The employee's commitment is to do everything necessary to understand what it is that they agree with.
David Gottlieb, Chipotle's Director of Compliance

When Chipotle-Arbe If they are taken out of their lawsuit, they could still pursue their claims in arbitration. But there is reason to believe that many of them would not.

Because these workers earn low wages, their individual claims are inherently low. According to Williams, the claims range from 50 to several thousand, depending on how long you've worked at Chipotle. A lawyer could accept this case if there are enough plaintiffs in a class action or a class action lawsuit, but an individual award may not be worth the time of the lawyer. As Ginsburg wrote in her contradiction: "The expenses associated with raising individual claims will often far outweigh the possible recoveries."

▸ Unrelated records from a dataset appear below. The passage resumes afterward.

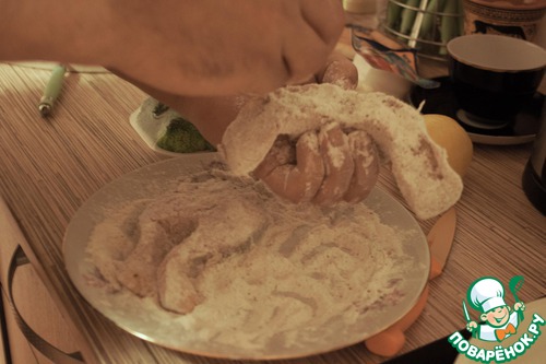 Соль перец муку смешиваем в тарелке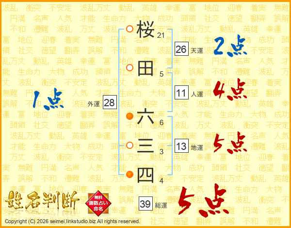 桜(21画)田(5画) 六(6画)三(3画)四(4画)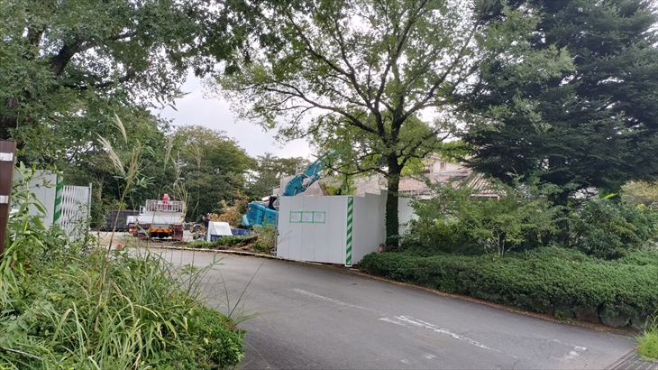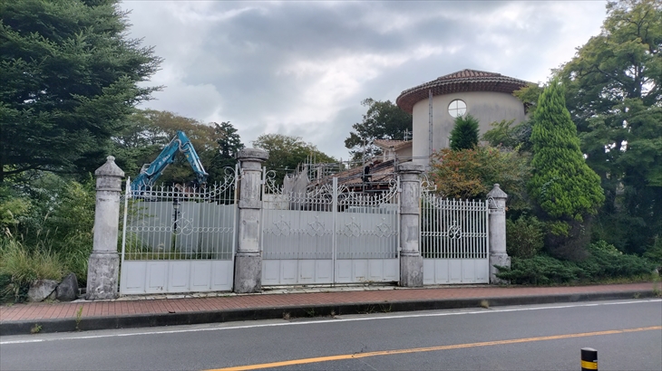 温泉に入り8時30分ころすすき高原一周の朝散歩をしました。3月末で閉演した星の王子様ミュージアムの解体工事が行われていました。9月から12月末までに解体されるそうです。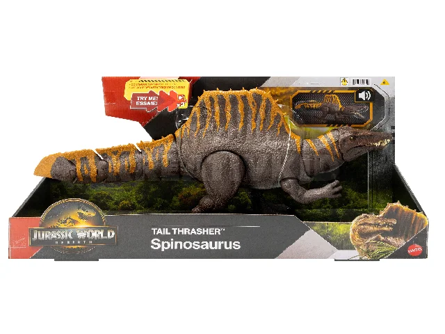 A Jurassic World világa fantasztikus teremtményeket rejt. Az egyik köztük ez a Kolosszális Spinosaurus, ami mindkét végén félelmetes. A Jurassic World: Újjászületés film ihlette jellegzetes külsejével, a vitorla formájú tarajával, lapos, krokodilszerű fejével és éles fogaival nem fél senkitől. A közel 53 cm hosszú és 24 cm magas bestia részletesen kidolgozott, élethű külsővel, vérfagyasztó hanggal és félelmetes, támadó mozgással érkezik, hogy a gyerekek valóban beleélhessék magukat a Jurassic World világába. Végtagjai mozgathatók, rettentő bömbölése, az álkapcsának csattogtatása, valamint a fejének és a farokrészének oldal irányú csapkodása gombbal aktiválható, ezzel is növelve a csaták, vagy a zsákmányszerzés valósághű játékélményét. A gomb többszöri megnyomása hevesebb reakciót vált ki. A rejtett kódot beolvasva a gyerekek bármely okoseszközzel (Android vagy iOS) feloldhatják a Spinosaurus digitális változatát az ingyenes Jurassic World Play alkalmazásban, ahol további játékok is várják őket. Az okoseszköz nem tartozék. A színek és díszítések eltérhetnek. Szuper ajándék lehet 4 éves vagy idősebb gyerekeknek és rajongóknak egyaránt.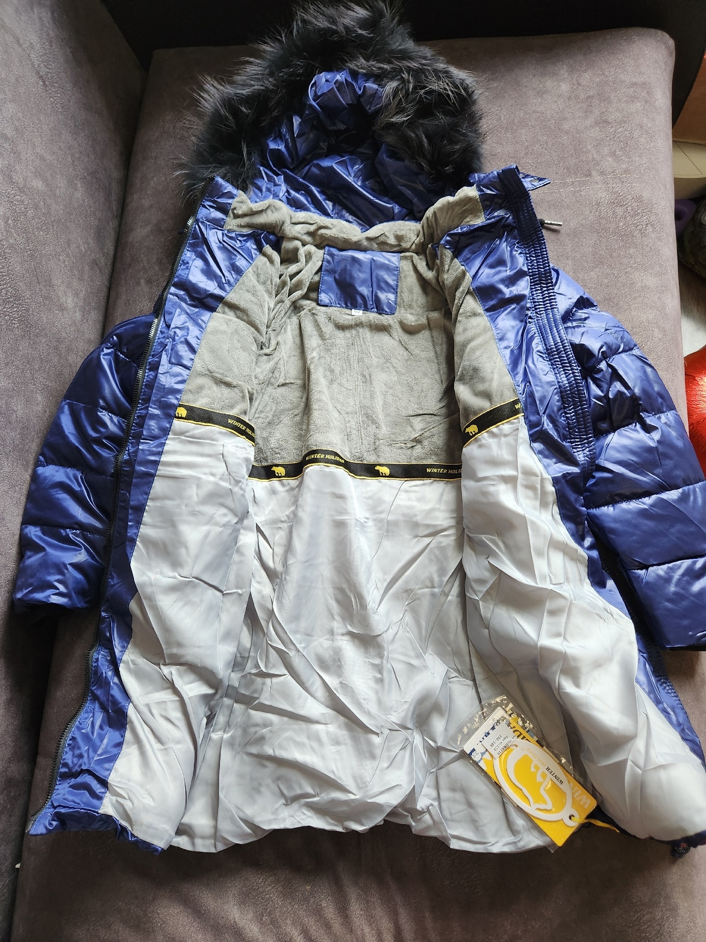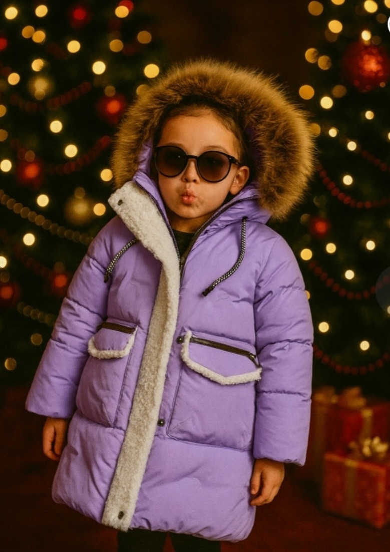 4) Куртка светло-фиолетовая зимняя удлиненная для девочки новая (не подошел размер), на бирке 122 см, подойдет на рост 122-134 см= 2000 руб.
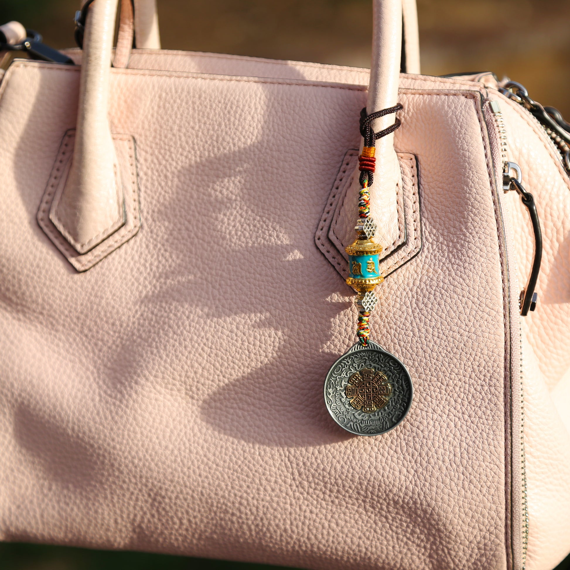 Colored Talisman & Prayer Wheel Protection Zipper Charm, Tibetan Style Keychain, Chinese Bagua Car Charm (T)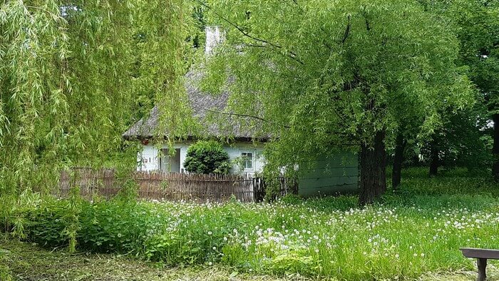 Russów koło Kalisza. Dworek, w nim muzeum Marii Dąbrowskiej, dookoła park i skansen.: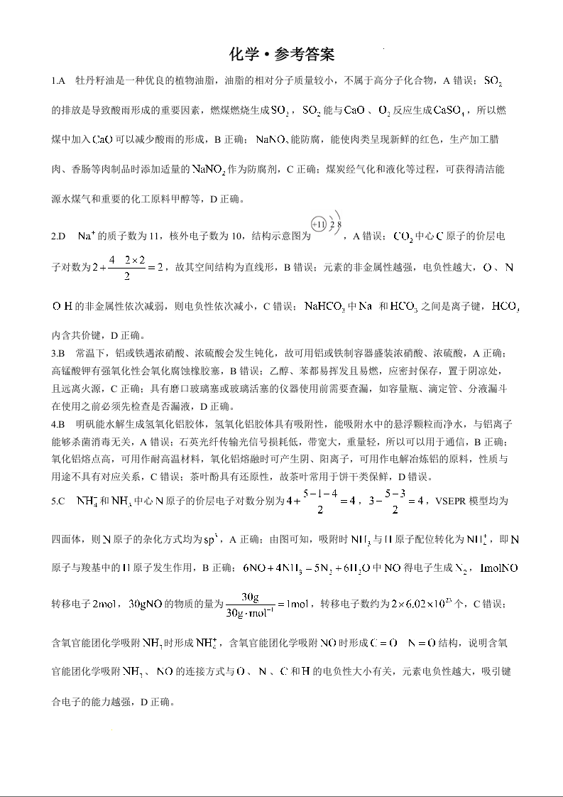 河北省沧州市三校联考2025届高三上学期11月期中考试 化学答案
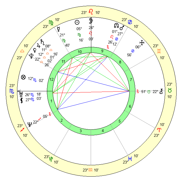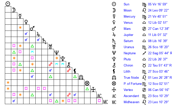 | Moon | 24 Leo 1 | 7 Scorpio 46 | 23 Pisces 22 |

A worker could still pursue the case without a lawyer. But they probably have no strong influence on the Fair Labor Standards Act and the provisions of the minimum wage and overtime laws, and they would oppose a lawyer for Chipotle, a company with an annual turnover of about $ 4 billion. And while they feel comfortable joining in a major legal battle with other colleagues, many would no doubt shy away from acting alone for fear of being perceived as an agitator.

In this particular case, the lawyers represent the workers in the large collective action could consider representing workers who are individually forced into arbitration, if only because they have already established the case and a deep understanding of the claims to have. But Chipotle fights in court to prevent this.

The company argued that plaintiffs' attorneys had no right to inform workers about the wage theft lawsuit if those workers had signed an arbitration agreement. Chipotle was of the opinion that "a clear request from the plaintiff's lawyer … to violate a contract with Chipotle [the workers’]". The company went one step further and demanded that the lawyers of the plaintiffs be excluded from representing these workers in arbitration theory, would force the workers to find a new lawyer who is unfamiliar with their case.

"The plaintiff should not be allowed to use this process for his personal financial benefit or additional leverage in this case," the company argued.

The judge has not yet made a decision about Chipotle's request.

"I think it's basically vindictive," Williams said. "They are upset that these people are taking notice of it, they are upset that they have decided, they are upset that they have not yet been kicked out, and they are accusing the plaintiff's lawyer."

Williams said if the judge does not dissuade his team In the service of their clients, they plan to represent anyone who has been released from arbitration – even if it means taking over 2800 individual cases. This could be a huge expense for Chipotle.

"I have a commitment to these people," Williams said. "If we are disqualified to represent them, then they really will not be eligible, and the likelihood that they will find a lawyer who individually accepts these claims is low."

As a result of Epic Systems' decision, it is likely be that more employers will use job renunciations in hiring and less workers will end up in large pay-per-hour processes like the one Chipotle faces. Williams estimates that "every employer requires compulsory arbitration."

If that happens, it would have repercussions beyond the workers' ability to recover wages that they believe are owed to them. Given the private nature of arbitration, this would help keep workplace issues out of the public's eye where other lawyers or journalists might find them.

It could also be a great incentive for employers to follow the law. Businesses often change their business methods after costly and embarrassing lawsuits. Like other large employers in low-wage industries, Chipotle counts pay and work lawsuits as one of his top legal risks, for now .

"One of the goals of one process is obviously to get money, but another is to get a company to change its behavior," Marvit explained. "When workers go to arbitration, there's no incentive for Chipotle to change, they're not under threat enough, and they know they'll never do that."